Key advantage: Active against tissue schizonts; chemoprophylaxis can be stopped only 1 week post-exposure (vs. 4 weeks for mefloquine/doxycycline).
Adverse effects: GI symptoms (nausea, vomiting, diarrhea, abdominal pain), headache, mouth ulcers. Reversible elevated liver enzymes.
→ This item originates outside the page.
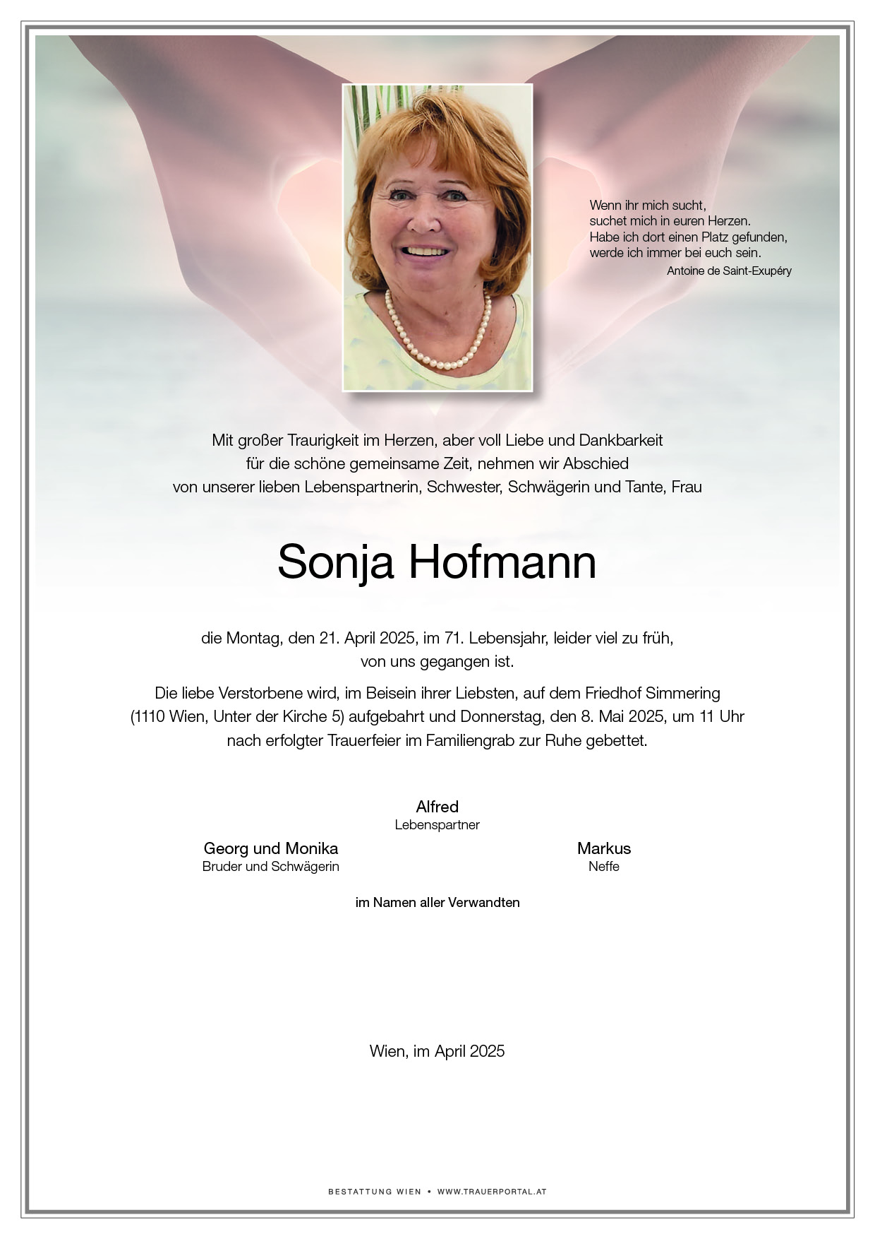 • Leider ist Sonja viel zu früh von uns gegangen. Ich werde sie immer in Erinnerung behalten.

B. Quinine-Based Regimens (Chloroquine-Resistant P. falciparum)
| Parameter | Details |
|---|
| Quinine sulfate dose | 650 mg 3 times daily for 3-7 days (oral) |
| Combined with | Doxycycline 100 mg twice daily for 7 days OR Clindamycin 600 mg twice daily for 7 days |
| Combined regimen duration | Quinine 3 days + doxycycline 7 days (if 3-day quinine), or full 7-day quinine |
Mechanism of Action:
Quinine is a quinoline alkaloid from Cinchona bark. It concentrates in parasite food vacuoles and inhibits haeme polymerization (similar to chloroquine). It is also believed to intercalate into parasite DNA. It has blood schizonticide activity against all species. Additionally stimulates insulin secretion.
Adverse effects (Cinchonism): Tinnitus, headache, nausea, dizziness, flushing, visual disturbances. Severe: haemolysis, hypoglycaemia, QT prolongation, blackwater fever (rare, severe haemolysis). Stimulates uterine contractions (use cautiously in pregnancy - however still used in first trimester severe malaria).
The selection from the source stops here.